From Use of VA and Medicare services by dually eligible veterans with psychiatric problems, by Carey et al. and based on FY1999 data:
Results suggest a distinction between aged and disabled veterans in choice of sector for outpatient care. The distance from a VA [Veterans Health Service] outpatient medical or MH [mental health] facility did not make a difference in the allocation of expenditures between VA and Medicare for aged veterans. However, distance from a VA outpatient medical or MH facility did matter for disabled veterans, perhaps because they relied much more heavily on VA than on Medicare for MH/SA [mental health/substance abuse] services than did the aged veterans. Among all veterans, the disabled had 3.9 times more VA than Medicare MH/SA expenditures, compared with 1.4 times for the aged. The failure of our results to indicate significant associations between geographic proximity to VA outpatient services and choice of sector by aged veterans may be due to the relatively small portion of medical expenditures that is accounted for by outpatient care, particularly for the elderly. Total VA and Medicare expenditures may be dominated more by costly inpatient care in this group, even for MH/SA services, if elderly veterans have more comorbidities than younger veterans and are more likely to be treated for MH/SA problems at a VA inpatient facility.

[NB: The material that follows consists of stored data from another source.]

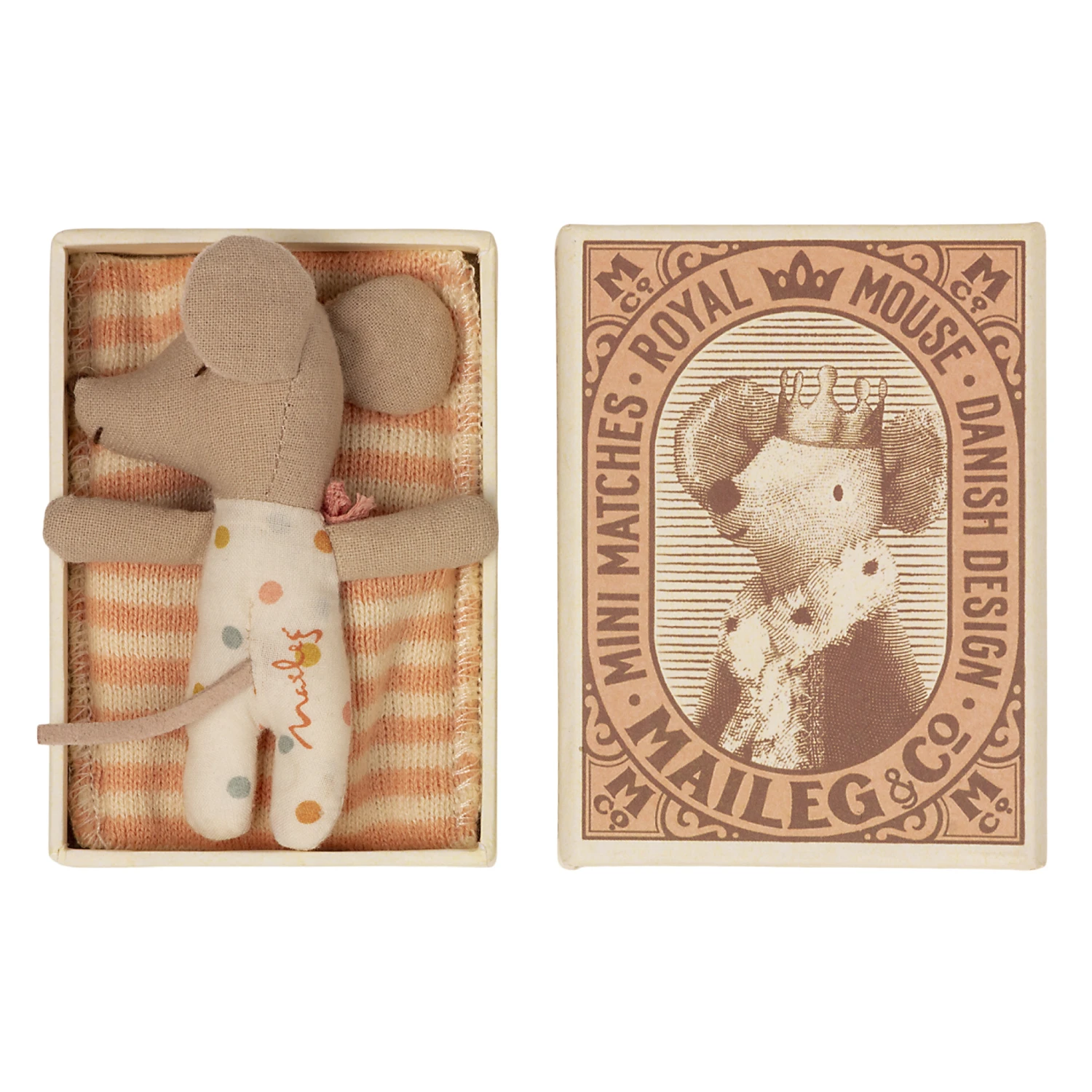 Award winning Danish designers Maileg are renowned for their little matchbox mice. Beautifully crafted from 100% cotton, these mice are much loved for their timeless, nostalgic quality and collect-able appeal. Collect a whole family for hours of delightful play.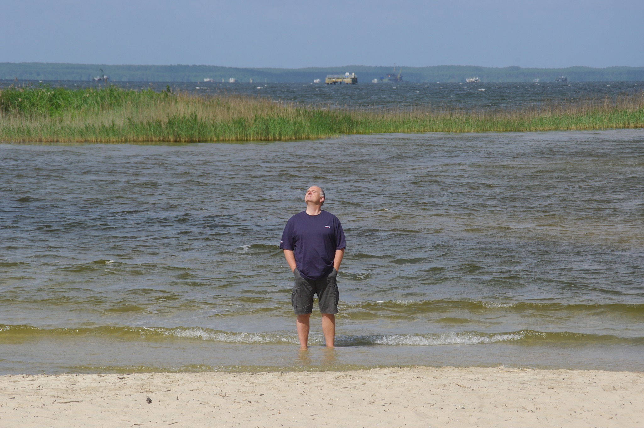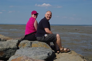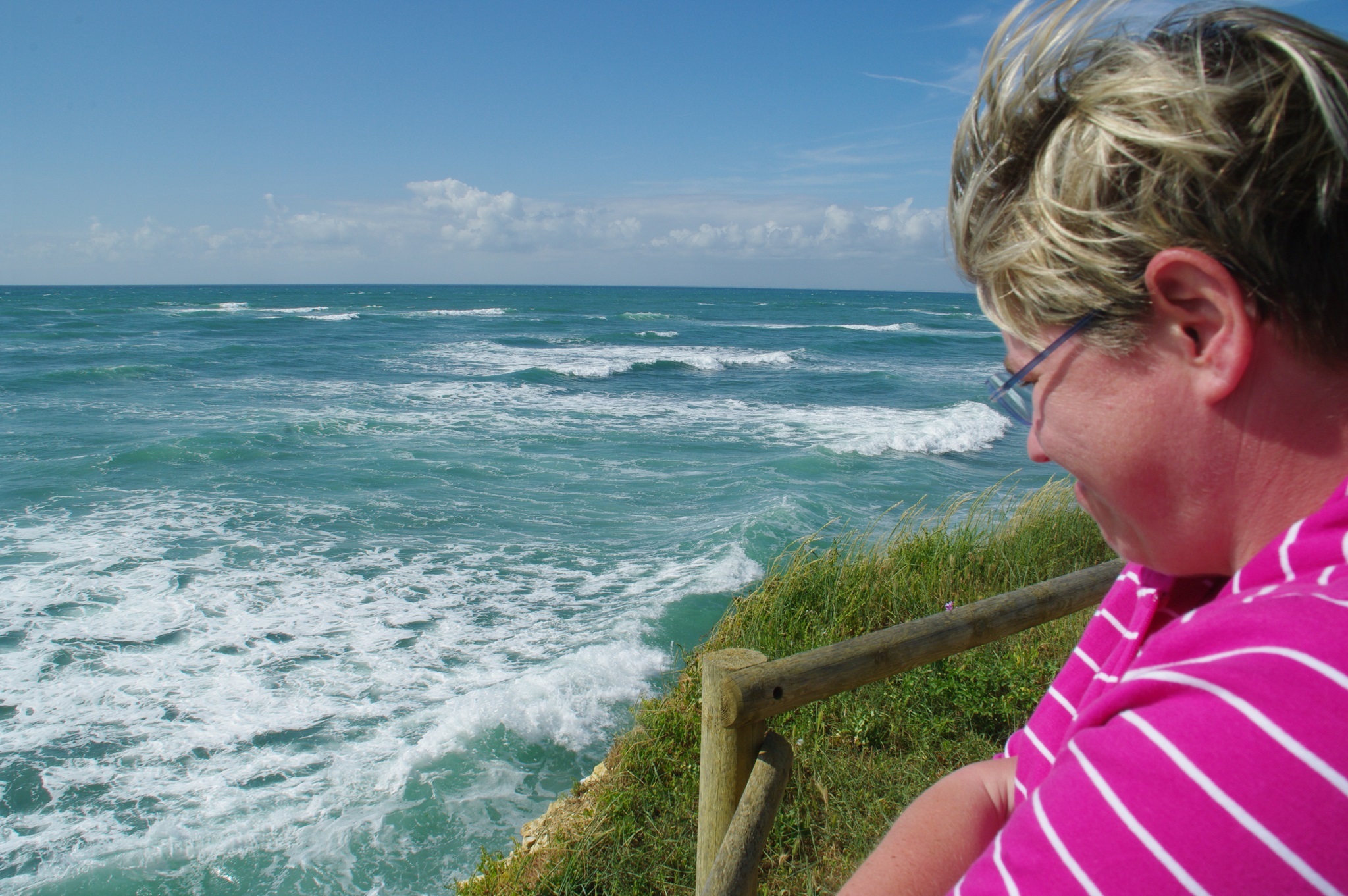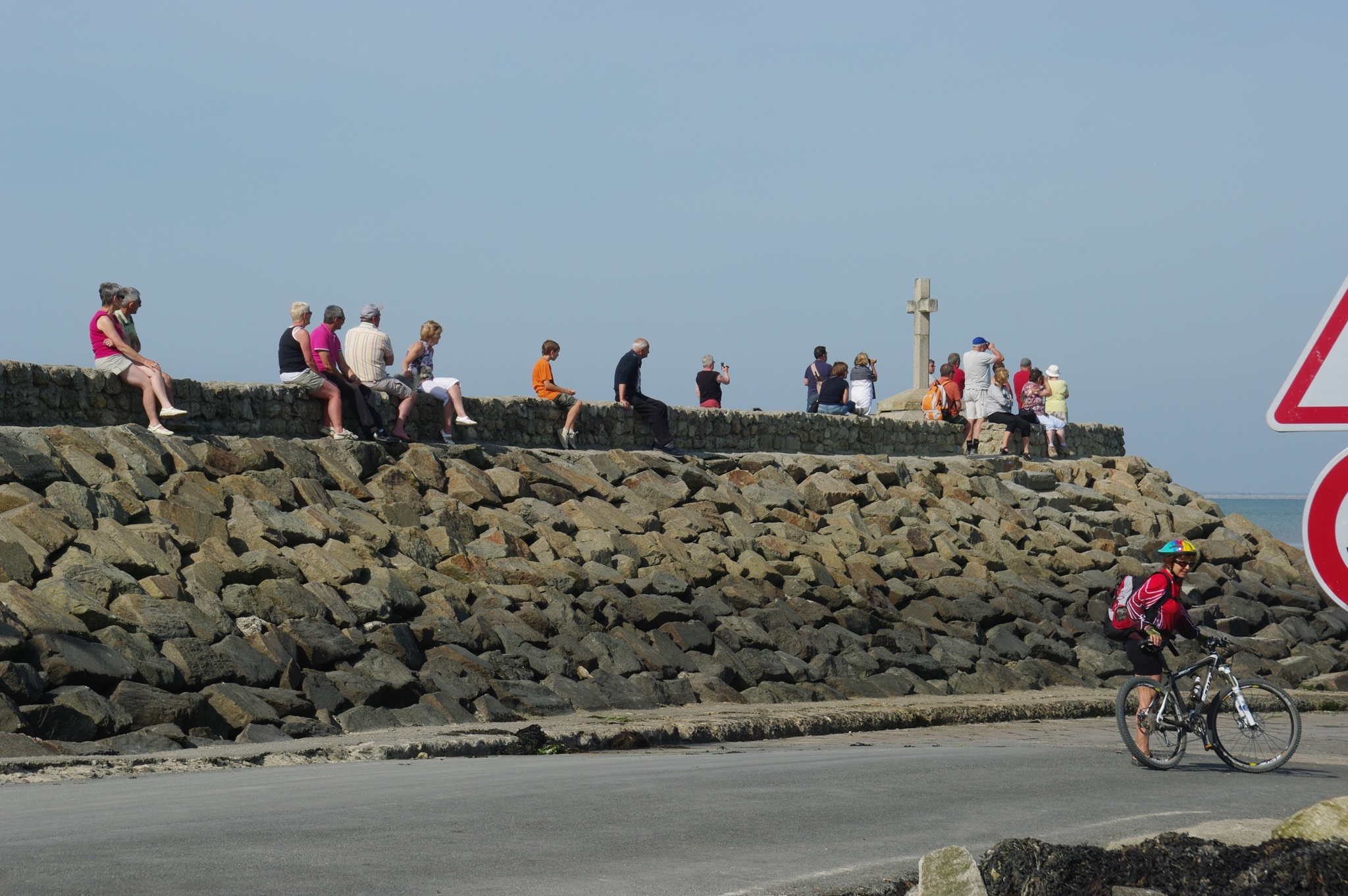 Tina ist heute gar nicht zu bremsen und fährt den größten Teil der Tagesstrecke. An dem Rastplatz vor dem Mt. Saint Michel machen wir eine Pause. Normalerweise kann man von hier aus den berühmten Klosterfelsen sehen, doch heute leider nicht. Zwar ist es inzwischen wieder sonnig und genauso warm wie gestern, aber über dem Meer hängt dichter Dunst, so dass vom Mt. Saint Michel nichts zu sehen ist.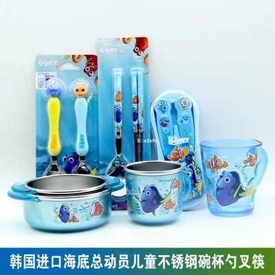 Nhập khẩu Hàn Quốc Bộ đồ ăn trẻ em bằng thép không gỉ của Finding Nemo cho bé bát ăn cơm cốc nước thìa dĩa thìa đũa bộ đồ ăn - Cup / Table ware / mài / Phụ kiện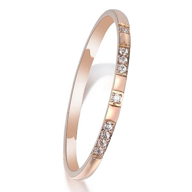 ピンクゴールド色にメッキした細い指輪にクリスタルのキュービックジルコニアをセットセレブリティーな高級のあるサージカルステンレス316L製の指輪。
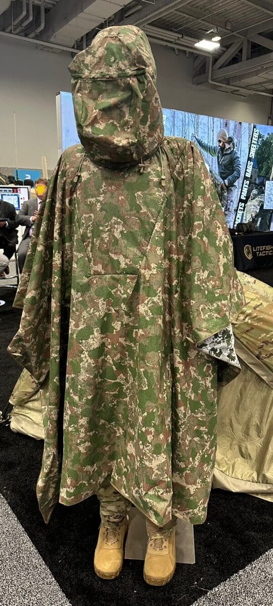 На выставке AUSA 2025 компания Stealth Products Group (дочернее подразделение LiteFighter Gear) продемонстрировала индивидуальное маскировочное укрытие с мультиспектральными свойствами. Продукт уже проходил оценку в 25-й пехотной дивизии в условиях Гавайев и готовится к тестированию в 82-й воздушно-десантной дивизии. Технические характеристики: Размер: 170 × 262 см Вес: 0.9 кг Технология: ZIRO Mitigation Technology Диапазоны маскировки: видимый свет, ближний ИК, средневолновой ИК, длинноволновой ИК. (скрывает от ПНВ и тепловизора) Конструктивные особенности: Реверсивный камуфляжный рисунок Дышащий материал с теплопоглощающими вставками в зонах повышенного тепловыделения Увеличенный капюшон для использования со шлемом Варианты полного и частичного закрытия лица Возможность соединения нескольких укрытий для создания групповых укрытий Эксплуатационные преимущества: Компактность транспортировки Односторонняя видимость (наружу) Сохранение воздухопроницаемости при полной маскировке Вопрос д
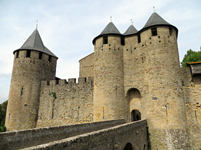 ヨーロッパ最大規模の城塞が残り世界遺産に登録されているカルカッソンヌ。その歴史的城塞都市(シテ)にあるコンタル城の外観。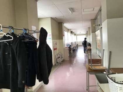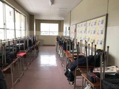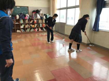 12月16日(水) 2年生ワックスがけ 1 公開日 2020/12/17 更新日 2020/12/17 2学年 長かった2学期も、残り1週間を切りました。 重点清掃週間の最終日に、ワックスがけをしました。 まず、教室内の物をすべて廊下に出します。 次に、環境委員が中心になって、教室にワックスを塗ります。(写真=1組)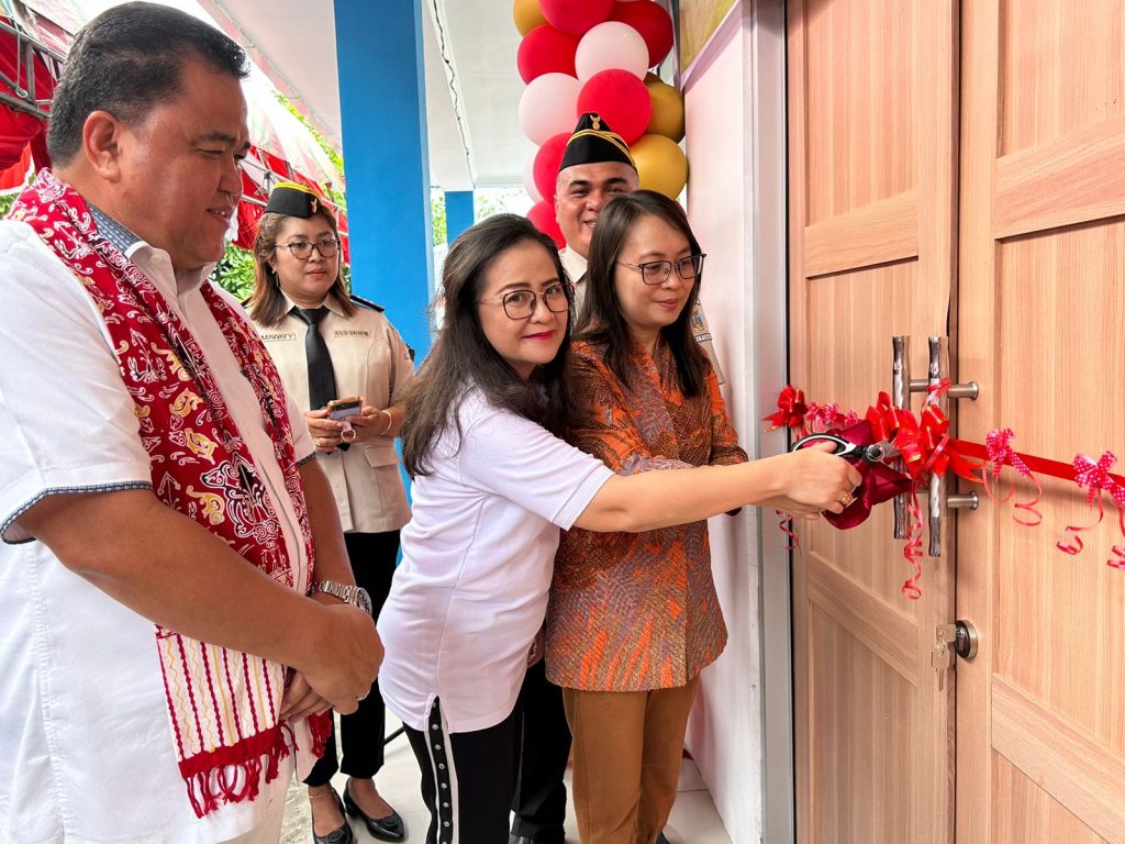 Dilanjutkan proses penandatanganan prasasti peresmian dan pengguntingan pita oleh bapak Dr.dr. Maxi Rein Rondonuwu, DHSM,MARS didampingi oleh Ketua DWP KKP Bitung dan Kepala Dinas Minahasa Utara.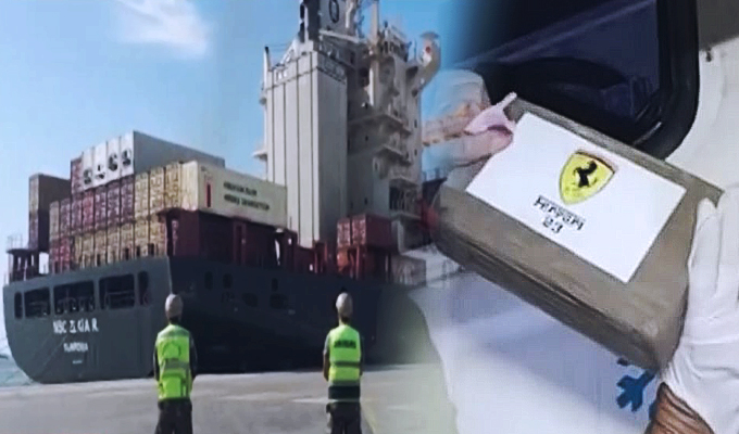 Al realizar la inspección en este buque de carga que llevaba una bandera liberiana y tenía como destino final Bélgica, los agentes encontraron 114 paquetes tipo ladrillo de cocaína que estaban enumerados y tenían el logo de la escudería Ferrari.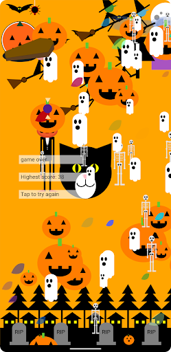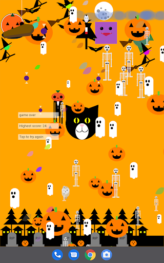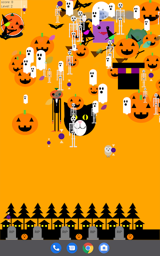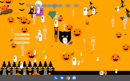 Form the makers of the Egg Game just in time for Halloween we have spent a few years into working on this spin off for a Halloween themed Egg Game without the Eggs but this time though for a different but yet interesting experience we travel to the Halloween Season. We are excited that you can now play our new game with all the latest new updates right on your mobile device. Now with over 111 objects in the game between 6 black cats, spiders, candy, pumpkins, ghost, leaves, 5 witches, a monster and skeletons also a moon and 5 bats you are for sure in for a treat! We have animated objects now in the game for a very tricky but fun experience. We have upped the complexity of the game by making the game more harder. Check out how many Candies and Leaves you can catch with a touch of a finger with us try and avoid the obstacles and keep up to date with new updates and information comes you can stay updated right from your device. Check out our game today where you can get all of the Candies, pumpkins, ghosts, skeletons and Leaves right from your device anywhere you want even with offline support. Avoid the boss Cats from trying to take your hat of Candy. Added headstones, owl, monsters and clouds as well as animations added for a more Spooky experience. This Halloween you will be able to Enjoy this spooktacular experience just in time for Halloween this year! Get all of the Halloween feels that you love! Happy Halloween Ha ha ha!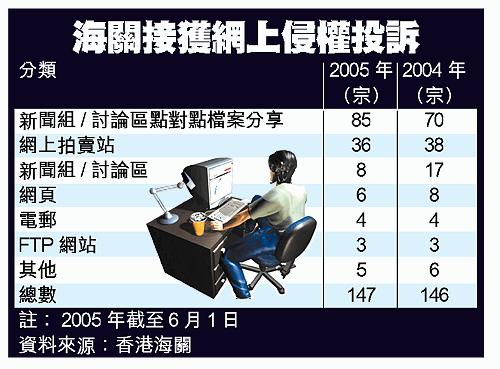 海關資料顯示,今年首五個月接獲一百四十七宗涉網上侵權投訴,其中BT下載個案佔最多,達八十五宗,超越去年全年的七十宗,其次是拍賣網站售賣盜版物品個案,達三十六宗。
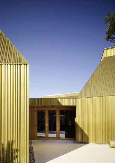 Mit den formalen Überlegungen einher ging von Anfang an die wesentliche Frage nach dem Material für die Gebäudehaut. Eine Rohrdeckung kam aus verschiedenen Gründen nicht in Frage, sollte aber so weit wie möglich in moderner Architektursprache adaptiert werden. Eine nachhaltige Kupferbekleidung, die von Natur aus vergleichbare Alterungseigenschaften aufweist, wurde von vornherein favorisiert. In Zusammenarbeit mit einem kompetenten Industriepartner für Architekturwerkstoffe aus Kupfer fiel die Wahl schließlich auf eine legierte Form aus dem Portfolio des Herstellers, die im Verlauf der Oxidation eine sehr ähnliche farbliche Entwicklung wie eine Rohrdeckung zeigen würde. Das Markenmessing, eine spezielle Legierung aus Kupfer und Zink, zeigt zu Anfang eine Oberfläche, die farblich an eine frisch verlegte, in der Sonne glänzende Rohrdeckung erinnert. Wie diese wird sich das Metall im Laufe der Zeit verändern und in individueller Nuancierung von Grünbraun über Graubraun zu Dunkelbraun-Anthrazit wechseln, verursacht durch Ausbildung einer schützenden Oxidationsschicht, die Widerstandsfähigkeit und Langlebigkeit des Materials gewährleistet.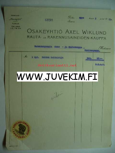 Osakeyhtiö Axel Wiklund Rauta- ja Rakennusaineiden kauppa , 1913

This is interesting because it suggests the extent to which MH/SA VA patients use non-VA care (in this case Medicare) differs by age. That matters because, by pooling VA, Medicare, and Medicaid data, we can typically see all the care a patient enrolled in both VA and Medicare (and possibly Medicaid) receives. By contrast, we typically do not have access to private health plan data for non-elderly VA patients who are not on Medicare. Consequently, we don’t know as much about non-VA care for them. It sure would be convenient to presume that patterns of non-VA use for the Medicare-VA duals are similar to those who are not on Medicare. But these results suggest that may not be a good assumption, at least circa 1999 and for MH/SA diagnosed patients.
Do you see the contortions one has to go through due to lack of access to private health plan data? This is a major concern that those who would prefer a more (or fully) private insurance system rarely address.